Hello again! As mentioned in a previous post, I decided to use Blender to design my table. Blender is not designed to do CAD. It’s more geared toward 3D modeling and animation. Blender is to Maya or 3ds Max what GIMP is to Photoshop. That said, folks are using it to create designs for 3d printing and milling. I used it to create this pendant for my fiancee last Valentine’s day. I had it printed at Shapeways.

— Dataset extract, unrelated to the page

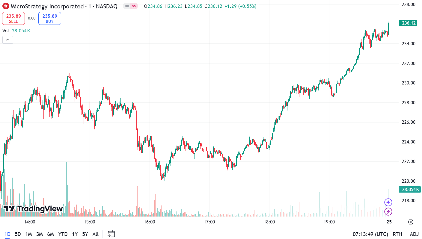 MicroStrategy’s stock has experienced a remarkable surge, jumping over 7.8% in the last 24 hours to reach approximately $236.12, marking a new 25-year high. This impressive rise is closely tied to the ongoing surge in Bitcoin prices.

I’m not going to get into the basics of Blender here. There are tons of great tutorials out there. Some of my favorites are at Blender Guru and Blender Cookie. I did have a difficult time getting Blender set up to use real world measurements though, so I’ll give a brief explanation of how I finally got it working.

Step 1

Go to the Scene menu and click on the Units drop down. Then click on Metric or Imperial depending on which units you’re working in. Scale of 1.ooo sets the scale to 1 foot in imperial or 1 meter in metric.

Step 2

Hit the ‘N’ key to bring up the Transform Properties menu.  Under ‘Display’, make sure that ‘Grid Floor’ is checked. Set the scale to 1 for meters of feet, 1/12 (.08333) for inches, .01 for centimeters, etc.

Easy, Right?

WRONG!! Say you’re a goofy American like me and you want to use imperial units. You’re Trying to model a leg for your table and you want it to be 12″ tall. You’d hit shift + A to add a plane and ‘e, z, 1′ to extrude the plane along the z axis 1 ft. However, due to an apparent bug, your new leg will be 3.2808 feet tall. This happens to be 1 meter. Therefore if you insist out of national pride, ignorance, or practicality on using imperial units, you must convert your z measurements into meters. For example, if you wanted to extrude a 2′ long leg you’d type ‘e, z, 2*.3048′

Alternatively, you can click the little magnet icon on the bottom of your screen and instead of entering a distance to extrude you can drag your mouse the direction of extrusion and it will snap to the nearest grid line. If you set 1/12 in your grid floor scale window, you’ll be extruding 1″ at a time.

Don’t forget to name the pieces that you model. I found it helped to name the piece its length and orientation, i.e. ’3_ft_vertical’ or ’50_in_horizontal’. This helped later when I went back to add up how much steel I was going to need.